[Start of section]

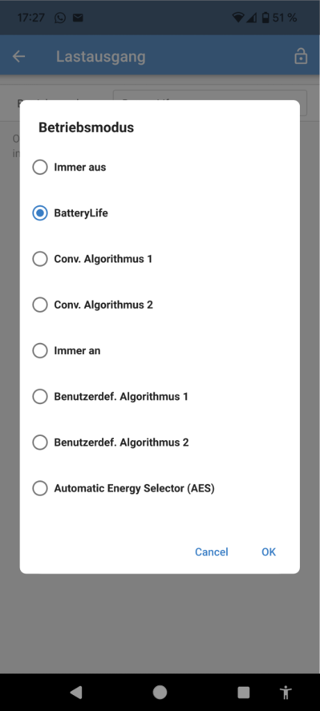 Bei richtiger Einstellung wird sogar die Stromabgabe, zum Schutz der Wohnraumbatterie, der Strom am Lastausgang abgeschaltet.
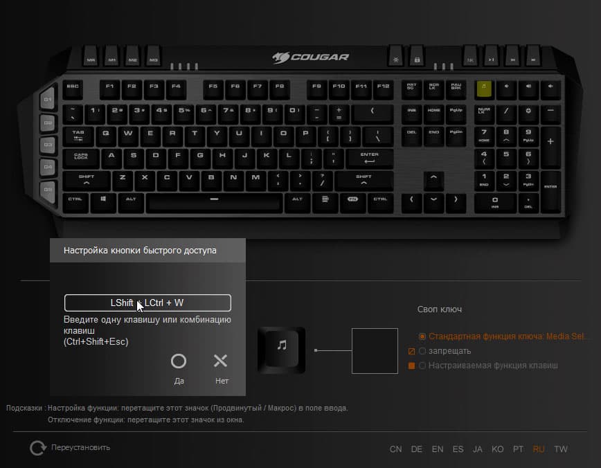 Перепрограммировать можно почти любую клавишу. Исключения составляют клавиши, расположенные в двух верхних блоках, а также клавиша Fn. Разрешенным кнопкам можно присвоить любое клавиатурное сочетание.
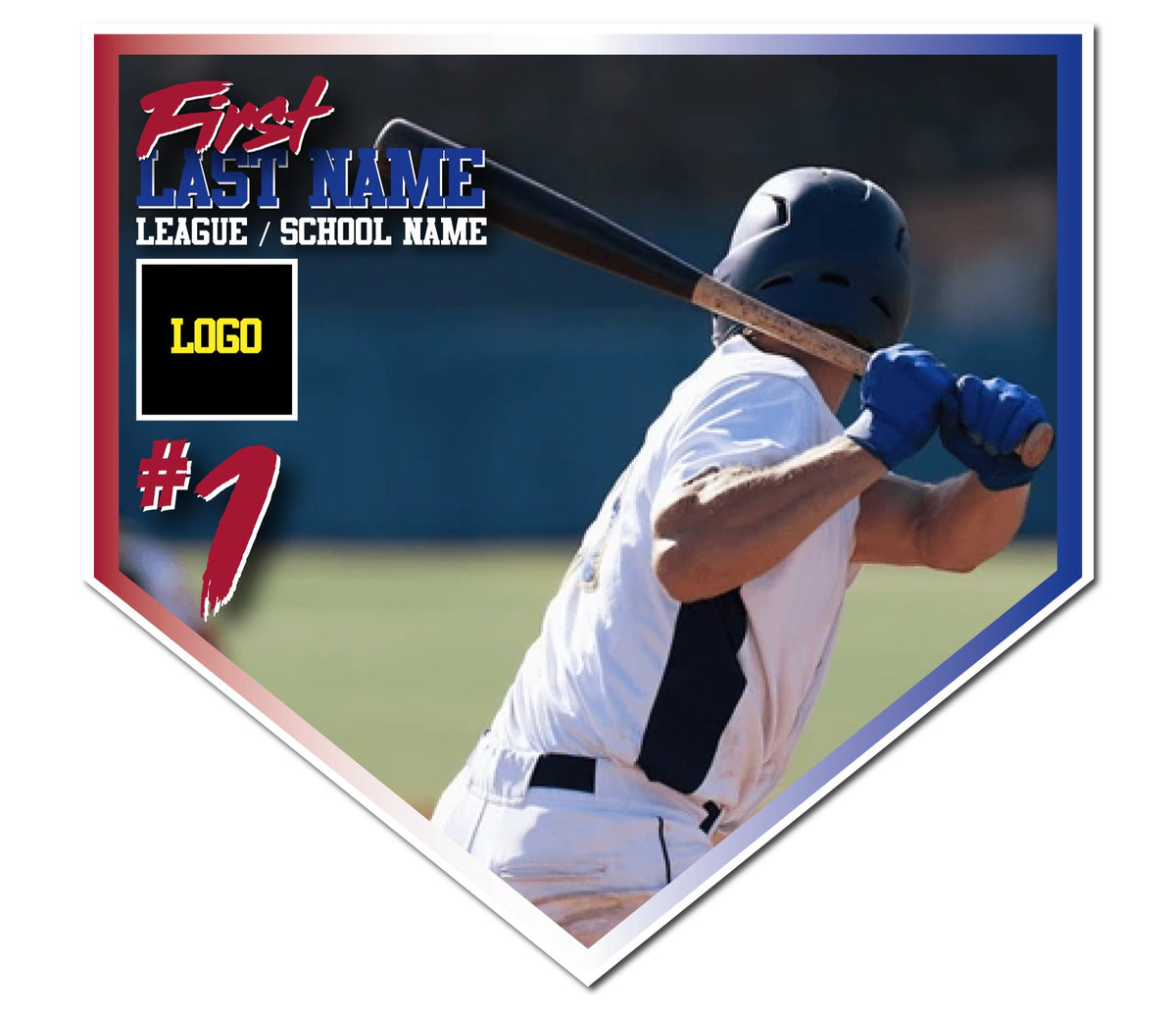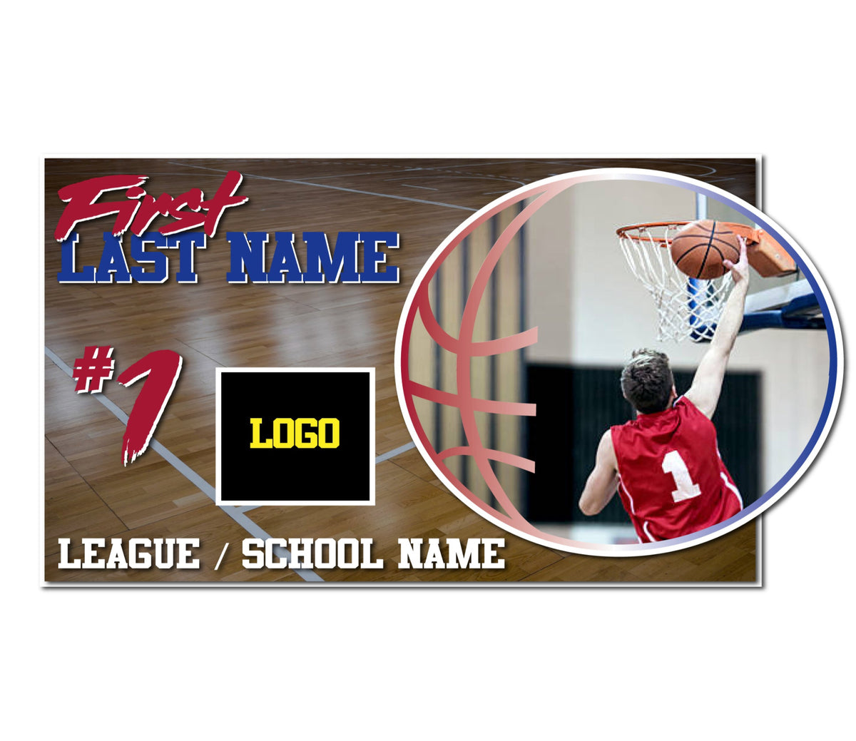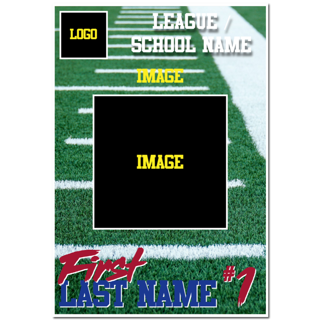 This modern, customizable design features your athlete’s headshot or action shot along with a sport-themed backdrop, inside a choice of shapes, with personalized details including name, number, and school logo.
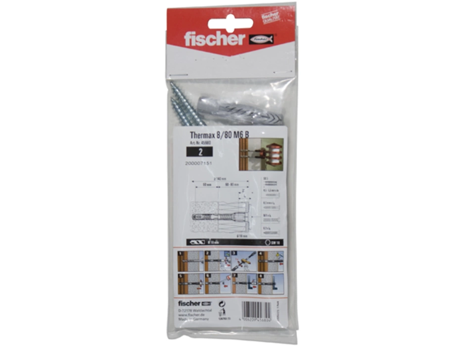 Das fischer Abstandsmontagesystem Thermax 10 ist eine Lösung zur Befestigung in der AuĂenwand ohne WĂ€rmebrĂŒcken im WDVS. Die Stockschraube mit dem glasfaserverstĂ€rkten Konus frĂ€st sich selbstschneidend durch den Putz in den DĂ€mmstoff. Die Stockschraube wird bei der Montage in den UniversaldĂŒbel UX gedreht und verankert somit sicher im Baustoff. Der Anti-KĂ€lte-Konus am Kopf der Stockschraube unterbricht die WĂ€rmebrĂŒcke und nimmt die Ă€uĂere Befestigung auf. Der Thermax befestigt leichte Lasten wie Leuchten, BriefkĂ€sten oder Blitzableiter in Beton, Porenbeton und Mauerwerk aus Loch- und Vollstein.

[End of section]

#### WORK TO COMPLETE:
Pictures should not appear; only the lines from the start of the listing above to the line containing "This modern, customizable", both ends included, are to be repeated exactly.

#### SOLUTION FOR THIS EXERCISE:
 Bei richtiger Einstellung wird sogar die Stromabgabe, zum Schutz der Wohnraumbatterie, der Strom am Lastausgang abgeschaltet.
 Перепрограммировать можно почти любую клавишу. Исключения составляют клавиши, расположенные в двух верхних блоках, а также клавиша Fn. Разрешенным кнопкам можно присвоить любое клавиатурное сочетание.
 This modern, customizable design features your athlete’s headshot or action shot along with a sport-themed backdrop, inside a choice of shapes, with personalized details including name, number, and school logo.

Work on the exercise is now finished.